- WHAT TO PRODUCE:
The answer must give back every line of the data exactly, with no pictures.

- AVAILABLE DATA:
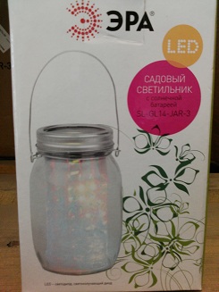 Садовая фигурка на солнечной батарее SL-GL14-JAR-3 станет волшебным украшением Вашего дачного участка. Стильная баночка будет прекрасно смотреться среди цветов, необычно подсветит кустарники или альпийскую горку. Модель имеет высоту в 13,5 см и с легкостью вставляется в землю. Беспроводной led светильник функционирует на солнечной батарее. Такой способ получения энергии является самым экологичным, энергоемким, а также бесшумным. Питание происходит во включенном режиме, днем. После захода солнца в маленькой баночке начинает твориться настоящая сказка. Внутри разными цветами переливаются "звезды". Свет светодиодов преломляется декоративной сеткой, создавая впечатление меняющих цвет ярких небесных тел. Для удобства переноски или игр в саду предусмотрена ручка. Солнечная батарея рассчитана 8 часов непрерывной работы. Высокая степень защиты от пыли и влаги позволяет оставлять садовый светильник на улице даже во время дождя. Обращаем Ваше внимание, что перед использованием фигурки её необходимо включить и зарядить. Светильник заряжается в течение всего светового дня. Подсветка на солнечной батарее SL-GL14-JAR-3 от компании ЭРА эффектный вариант для украшения Вашего сада.
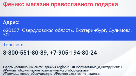 Феникс, магазин православного подарка по адресу 620137, Свердловская область, Екатеринбург, Сулимова, 50 в дальнейшем Организация, размещена в следующих категориях:
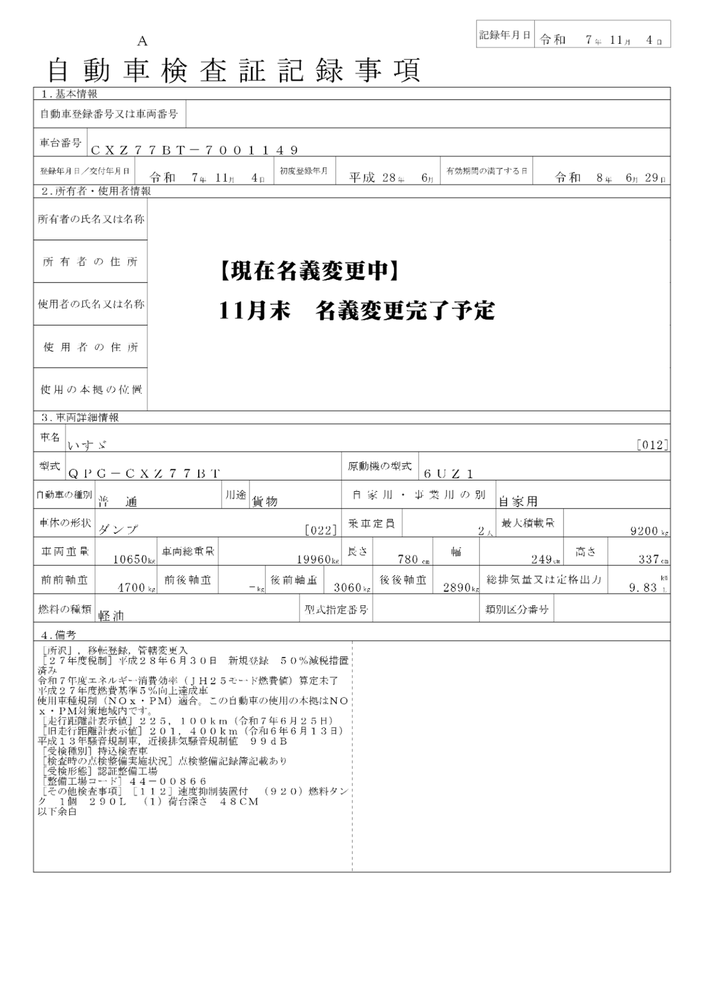 | 車両型式 | QPG-CXZ77BT | 車体番号 | CXZ77BT-700**** |
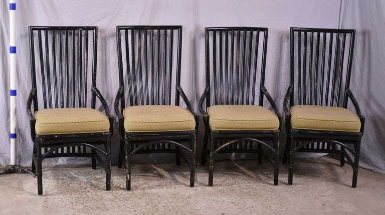 LOT 92 - Set of 4 black rattan spindle back chairs; 55-12477

- RESULT:
 Садовая фигурка на солнечной батарее SL-GL14-JAR-3 станет волшебным украшением Вашего дачного участка. Стильная баночка будет прекрасно смотреться среди цветов, необычно подсветит кустарники или альпийскую горку. Модель имеет высоту в 13,5 см и с легкостью вставляется в землю. Беспроводной led светильник функционирует на солнечной батарее. Такой способ получения энергии является самым экологичным, энергоемким, а также бесшумным. Питание происходит во включенном режиме, днем. После захода солнца в маленькой баночке начинает твориться настоящая сказка. Внутри разными цветами переливаются "звезды". Свет светодиодов преломляется декоративной сеткой, создавая впечатление меняющих цвет ярких небесных тел. Для удобства переноски или игр в саду предусмотрена ручка. Солнечная батарея рассчитана 8 часов непрерывной работы. Высокая степень защиты от пыли и влаги позволяет оставлять садовый светильник на улице даже во время дождя. Обращаем Ваше внимание, что перед использованием фигурки её необходимо включить и зарядить. Светильник заряжается в течение всего светового дня. Подсветка на солнечной батарее SL-GL14-JAR-3 от компании ЭРА эффектный вариант для украшения Вашего сада.
 Феникс, магазин православного подарка по адресу 620137, Свердловская область, Екатеринбург, Сулимова, 50 в дальнейшем Организация, размещена в следующих категориях:
 | 車両型式 | QPG-CXZ77BT | 車体番号 | CXZ77BT-700**** |
 LOT 92 - Set of 4 black rattan spindle back chairs; 55-12477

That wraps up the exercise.